Although 401(k) plans remain a cornerstone of retirement saving, the Schwab study conducted last year found that savings accounts are the most popular option once annual contribution limits are reached. According to the study, more than 60% of people in every generation reported putting money into savings accounts, while significantly fewer allocated funds to IRAs, brokerage accounts, or HSAs.
This widespread emphasis on liquidity and stability reflects a cautious mindset. Yet financial planners argue that an overreliance on low-yield accounts may carry its own risks, particularly over decades.
Heavy Reliance on Savings Accounts Limits Long-Term Growth
Savings accounts are often marketed as low-risk financial tools, designed to preserve capital and provide quick access to funds. But the trade-off is modest interest income. Jason Dall’Acqua, a certified financial planner and founder of Crest Wealth Advisors, cautions that parking too much money in these accounts can hinder long-term wealth accumulation.
“A savings account will not help your money grow substantially over time, given the low rate of interest these types of accounts pay,” Dall’Acqua said. He added that concentrating assets in savings comes with “an opportunity cost of lost growth potential,” noting that compounding works best when funds are invested over extended periods.

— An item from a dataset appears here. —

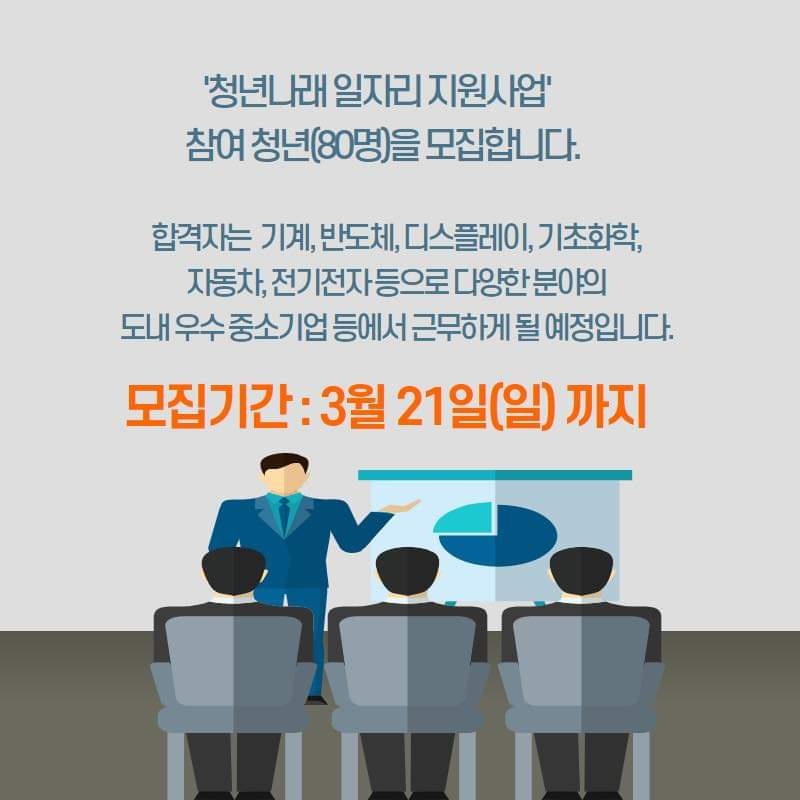 도내 청년들의 지속가능한 경제활동을 통해 지역의 청년 일자리 선순환구조에 기여할 「2021년 청년나래 일자리 지원사업」에 참여할 청년근로자를 모집합니다

The Schwab study underscores this dynamic across generations. While maintaining an emergency reserve (often cited as six to 12 months of living expenses) is widely recommended, placing every surplus dollar into a savings account after reaching 401(k) limits may reduce exposure to assets that historically offer higher returns. According to Dall’Acqua, money “needs the opportunity to work for you over time through compounding.”
In effect, the data suggest a tension between security and growth. Households appear comfortable with the predictability of cash, even if that comfort comes at the expense of potential appreciation.
Risk Tolerance and Age Shape Generational Investment Gaps
Investment behavior also varies by age, particularly when it comes to IRAs and brokerage accounts. According to the Schwab study, Generation Z is the least active in these vehicles, a pattern that stands out because younger investors generally have longer time horizons.
Dall’Acqua said investment allocation depends on “risk tolerance, risk capacity and investment time horizon.” Someone in their 20s or 30s, he explained, can typically afford a more aggressive approach, with a higher allocation to stocks, because they have decades before retirement. By contrast, an individual in their 60s may rely on investment income within a few years and therefore adopt a more conservative strategy.
The study’s findings suggest that younger savers are not fully leveraging the advantage of time. According to Dall’Acqua, aligning investment choices with age and risk tolerance can help position portfolios for growth while managing volatility. Brokerage accounts, traditional IRAs, Roth IRAs, and even real estate represent additional avenues beyond a 401(k), he noted.
Diversifying across pre-tax, Roth, and taxable accounts can also provide flexibility in retirement, allowing for more nuanced tax planning. As the Schwab data indicate, however, many Americans continue to prioritize savings accounts first, a cautious approach that may feel prudent in the short term, but shapes retirement outcomes over the long run.